Но больше старик ничего сказать не успел, тут же появился пузатый юноша в сером плаще и, выхватив из стопки под мышкой листовку, сунул им в руки.

– Вот, – проговорил он унылым монотонным голосом. – Вот ваше спасение.

– Иди к черту, – огрызнулся старик, отталкивая протянутую руку.

– Сам иди, – пробормотал распространитель листовок, точно приняв какое-то трудное внутреннее решение. После этого он обрушил всю стопку своих брошюр на голову старика, повалив того на тротуар, развернулся и удрал в толпу.

– Что это было? – спросил Лиммит, поднимая старика на ноги.

Тот фыркнул:

– А, уличный сектант.
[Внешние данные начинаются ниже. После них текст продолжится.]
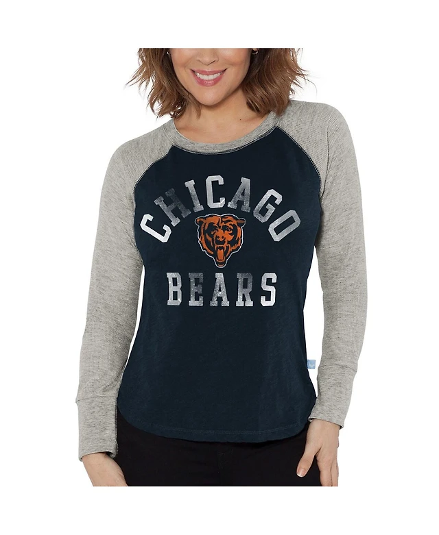 Women's G-iii 4Her by Carl Banks Navy, Heather Gray Distressed Chicago Bears Waffle Knit Raglan Long Sleeve T-shirt

Это пацанята гребаного Джона Мокса. Мессеры.

Лиммит задумался.

– А они всегда себя так ведут?

– А, забудь. – Старик крепко вцепился в его руку. – А ты про доктора Аддера спрашивал. Зачем он тебе?

Лиммит инстинктивно стиснул ручку чемодана, но не придумал ответа, и старик заговорил снова:

– Про него много всяких гадостей рассказывают, и про то, чем он занят, тоже. Можешь мне поверить, мальчик, я рулил этой улицей, когда Аддера еще в проекте не было. Даже Интерфейсом она тогда еще не звалась. Ты мне можешь доверять. Это я воздвиг те кованые ворота, для своих целей. Так что послушай меня и сэкономь денежки.

Лиммит не понимал, как реагировать, но исхитрился освободиться от хватки.

– Стой! – завизжал ему вслед старикан. – Я знаю, чего ты хочешь! От Аддера ты этой херни не получишь!

Он попытался догнать Лиммита, но равнодушная толпа затерла старика.

С той поры Лиммит успел намотать десяток кругов по улице близ черных кованых ворот, на которые указал ему старик. За воротами имелся небольшой дворик с парой засохших декоративных растений в кадках и устройством, в котором Лиммит, напрягшись, узнал фантасмагорически переделанный мотоцикл. Еще дальше виднелась входная дверь здания, служившего доктору Аддеру резиденцией и офисом одновременно. Лиммит с черным чемоданом в руках преодолел неблизкое расстояние от Финикса, чтобы повидаться с этим человеком.

«Но как?» – размышлял Лиммит, смотря поверх кованых ворот. Гребаный придурок Гунсква и его идиотские планы! На воротах висел замок размером с небольшую картофелину. Ни кнопок, ни других способов отпереть их Лиммит не заметил. «Как прикажете связаться с хозяином? – с грустью подумал он, но саркастическая нотка пропала зря. – Господи, я ведь даже не знаю, кто такой этот доктор Аддер и чем он занимается!» Загадка, полный мрак и неизвестность стояли за этим именем. С каждым новым кругом кованые черные ворота представлялись ему все более высокими и зловещими. Прибавить к ним ампутанток, странного старикана-балабола и весь остальной Интерфейс, так и, право, пожалеешь, что из Финикса приперся.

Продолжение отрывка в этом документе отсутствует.